— Но почему, что меня — особенно плохо? — удивилась Лаванда. — Она ведь даже не знает, кто я.
— Зато отлично знает, кто я. И если поймёт, что ты со мной связана… К тому же, мы теперь оба связаны с Улей. Потому что, я так понимаю, наш разговор она слышала.
Феликс замолчал и неотрывно вдруг уставился на неё. Было видно, что какая-то идея пришла ему в голову и он полон решимости её исполнить.
— Так, ладно, Лав, — он оторвался от холодильника и приблизился к ней. — Бери мел и записывай её имя.
Лаванда насупилась и опустила взгляд.
— Я не буду ничего записывать, — сказала она тихо.
— Нет, сейчас ты запишешь. Всё, игры кончились.
— Это не игры, Феликс, — она поднялась, собираясь уйти к себе. — Я не стану убивать Софи и вообще не стану кого бы то ни было убивать.
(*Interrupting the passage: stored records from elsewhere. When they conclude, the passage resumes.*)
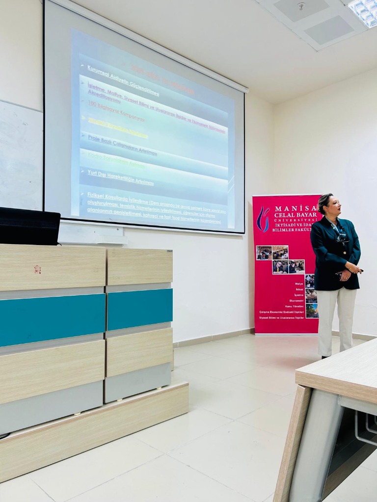 Dekanımız Prof.Dr. Asena ALTIN GÜLOVA, Dekan yardımcılarımız Prof.Dr. Tuncer ÖZDİL ve Dr. Öğr. Üyesi Murat DOĞAN’ın da hazır bulunduğu toplantıda açılış konuşmasının ardından 2024-2025 Akademik Yılını değerlendirdiği bir sunum yaptı. Öncelikle öğrencilerimiz, akademik ve idari personelimize ilişkin sayısal verilerin paylaşılmasının ardından, yıl boyunca unvan alan akademik personelimiz tebrik edildi. Bölümlerimiz ve öğrenci kulüplerimizin gerçekleştirdiği bilimsel etkinliklerin de değerlendirildiği toplantıda daha sonra yayın performansına katkıda bulunanlar paylaşıldı. Fakültemizin fiziksel koşullarına yönelik iyileştirmeler de ele alınan diğer başlıklar arasında yer aldı.
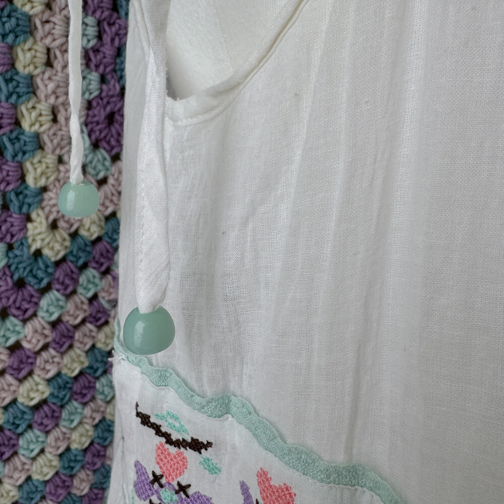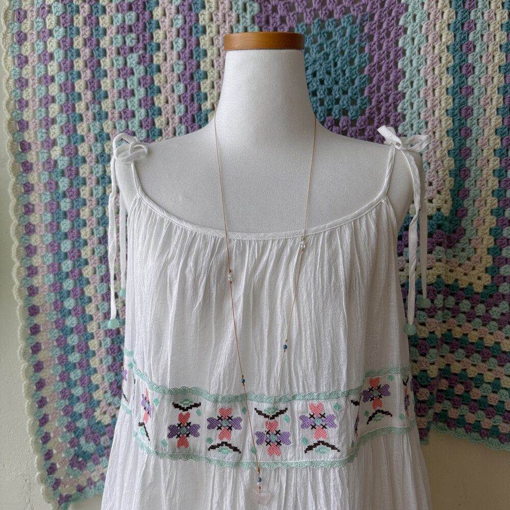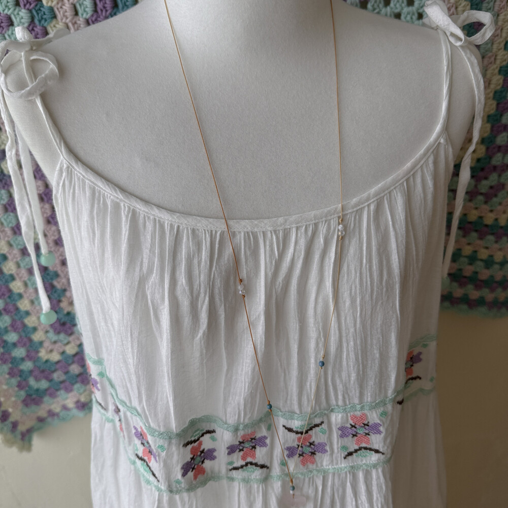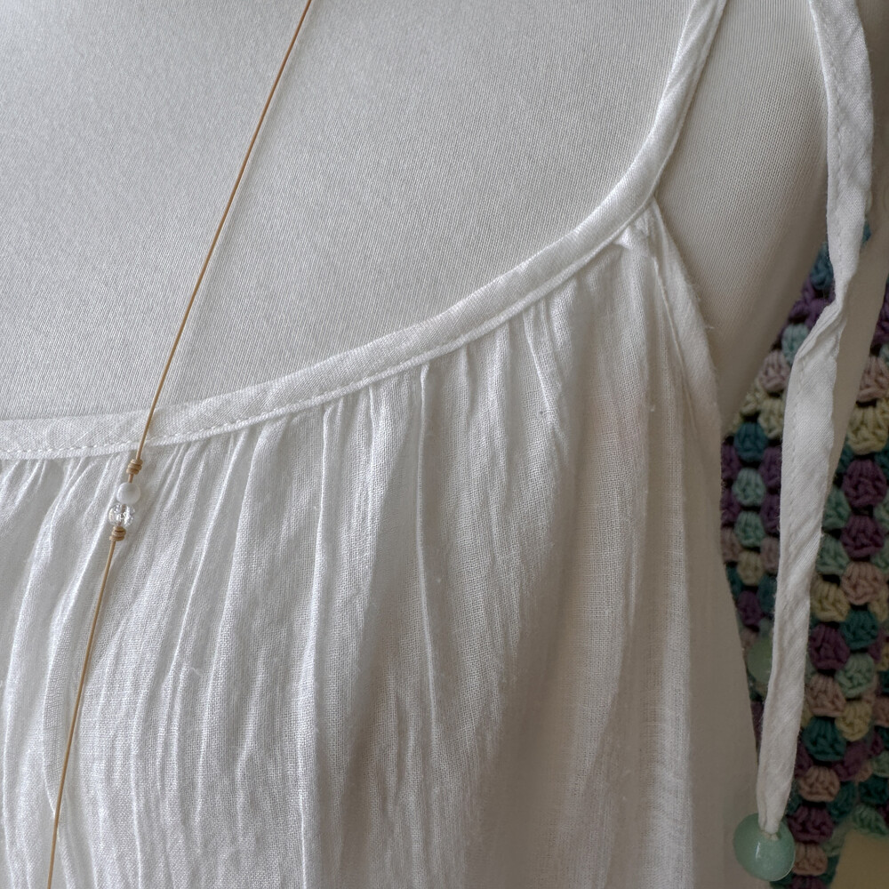 민트 색감의 레이스 포인트 자수 끈블라우스예요
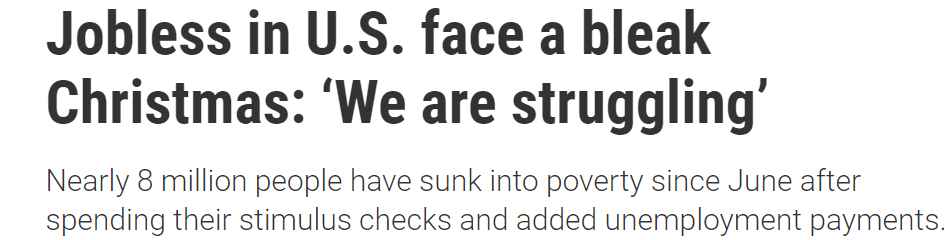 在南边与田纳西州接壤的佐治亚州,夏尼塔·马修斯(Shanita Matthews)却丝毫不期待25日这一天的到来。因为今年,她和他的丈夫买得起的东西只剩下了超市里的金枪鱼罐头和饼干。“我们确实没为节日做什么准备。”马修斯说,“我们在努力谋生,我真的很绝望。”这时的马修斯仍然在每天关注着新一轮纾困法案的进展,只是这份纾困计划在22日国会通过后,迟迟没有签署,和特朗普一道去了更南边的佛罗里达。

— По-твоему, лучше, чтоб она убила нас? — Феликс придвинулся к ней, отсекая путь к отходу. — Тебя бы это больше устроило? Я и забыл, что ты тоже успела её обожествить. Пусть творится что угодно, но Нонине, что вы — Нонине наша правительница, она неприкосновенна, как же можно.
— Да нет же! — вскрикнула Лаванда. — Я как раз наоборот вижу, что она человек, точно такой же человек, как я, как все мы. Это для вас она только идеологический враг, которого надо уничтожить, и это не считается убийством, но так не бывает! Не бывает, что вместо человека — только чёрный силуэт, у которого единственная цель — нести всем зло и страдания. А если это не только силуэт, если там есть какие-то свои мысли, чувства, если за этим — целый чужой мир…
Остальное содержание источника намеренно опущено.